▶ WHAT THE EXERCISE ASKS
Print, exactly as they stand, the lines below from the one that has "Stunning only begins" to the one that has "Die Auberginenscheiben von", inclusive, leaving out the pictures.

▶ AVAILABLE RECORDS
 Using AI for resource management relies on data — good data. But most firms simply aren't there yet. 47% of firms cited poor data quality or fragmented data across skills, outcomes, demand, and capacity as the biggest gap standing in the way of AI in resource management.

* * *

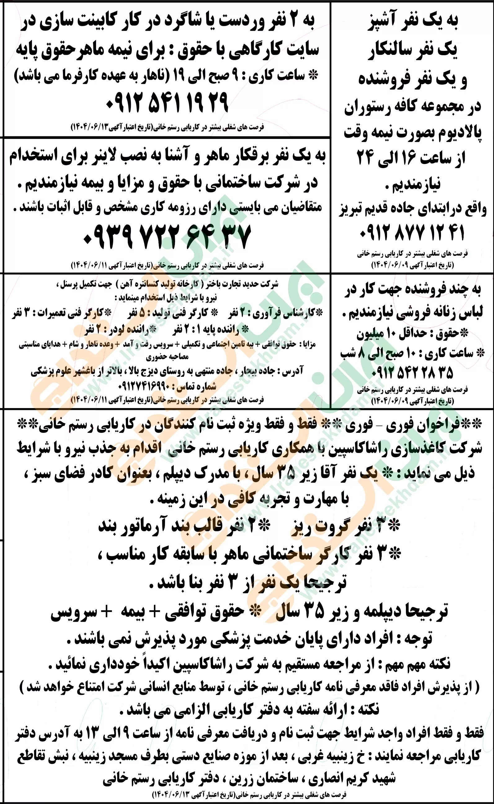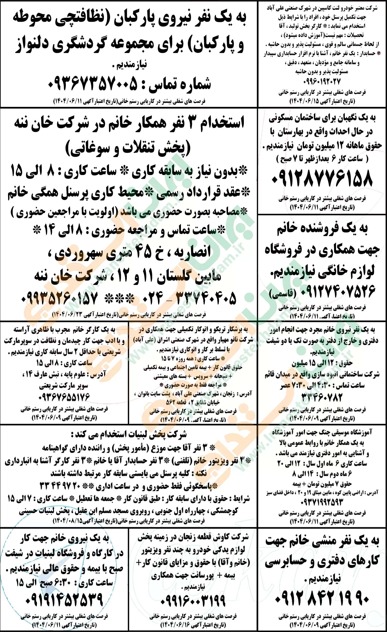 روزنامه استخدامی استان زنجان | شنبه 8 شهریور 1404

* * *

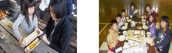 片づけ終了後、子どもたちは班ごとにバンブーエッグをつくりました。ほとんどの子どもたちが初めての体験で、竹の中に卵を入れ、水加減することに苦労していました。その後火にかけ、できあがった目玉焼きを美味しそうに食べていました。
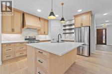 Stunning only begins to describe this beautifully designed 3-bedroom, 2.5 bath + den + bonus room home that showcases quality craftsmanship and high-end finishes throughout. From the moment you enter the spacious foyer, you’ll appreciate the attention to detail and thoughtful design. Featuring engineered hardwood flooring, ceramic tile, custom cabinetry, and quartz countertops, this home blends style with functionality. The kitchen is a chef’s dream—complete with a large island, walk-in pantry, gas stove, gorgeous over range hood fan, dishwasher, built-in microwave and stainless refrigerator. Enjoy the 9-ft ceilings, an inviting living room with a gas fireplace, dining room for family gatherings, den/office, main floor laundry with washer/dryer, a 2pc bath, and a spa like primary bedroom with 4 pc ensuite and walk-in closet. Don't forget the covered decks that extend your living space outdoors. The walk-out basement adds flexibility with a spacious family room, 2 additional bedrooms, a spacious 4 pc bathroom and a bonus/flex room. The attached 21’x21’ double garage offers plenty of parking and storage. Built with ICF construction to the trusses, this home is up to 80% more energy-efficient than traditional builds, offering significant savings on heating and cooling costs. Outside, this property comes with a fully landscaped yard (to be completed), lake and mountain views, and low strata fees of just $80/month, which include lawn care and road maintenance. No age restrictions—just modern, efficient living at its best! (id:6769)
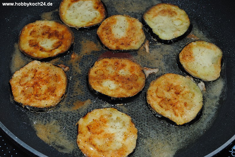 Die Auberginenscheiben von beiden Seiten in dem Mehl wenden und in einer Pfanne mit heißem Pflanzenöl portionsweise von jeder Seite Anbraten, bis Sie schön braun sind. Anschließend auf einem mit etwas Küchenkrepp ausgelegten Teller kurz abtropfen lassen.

▶ RESULT FOR THIS EXERCISE
 Stunning only begins to describe this beautifully designed 3-bedroom, 2.5 bath + den + bonus room home that showcases quality craftsmanship and high-end finishes throughout. From the moment you enter the spacious foyer, you’ll appreciate the attention to detail and thoughtful design. Featuring engineered hardwood flooring, ceramic tile, custom cabinetry, and quartz countertops, this home blends style with functionality. The kitchen is a chef’s dream—complete with a large island, walk-in pantry, gas stove, gorgeous over range hood fan, dishwasher, built-in microwave and stainless refrigerator. Enjoy the 9-ft ceilings, an inviting living room with a gas fireplace, dining room for family gatherings, den/office, main floor laundry with washer/dryer, a 2pc bath, and a spa like primary bedroom with 4 pc ensuite and walk-in closet. Don't forget the covered decks that extend your living space outdoors. The walk-out basement adds flexibility with a spacious family room, 2 additional bedrooms, a spacious 4 pc bathroom and a bonus/flex room. The attached 21’x21’ double garage offers plenty of parking and storage. Built with ICF construction to the trusses, this home is up to 80% more energy-efficient than traditional builds, offering significant savings on heating and cooling costs. Outside, this property comes with a fully landscaped yard (to be completed), lake and mountain views, and low strata fees of just $80/month, which include lawn care and road maintenance. No age restrictions—just modern, efficient living at its best! (id:6769)
 Die Auberginenscheiben von beiden Seiten in dem Mehl wenden und in einer Pfanne mit heißem Pflanzenöl portionsweise von jeder Seite Anbraten, bis Sie schön braun sind. Anschließend auf einem mit etwas Küchenkrepp ausgelegten Teller kurz abtropfen lassen.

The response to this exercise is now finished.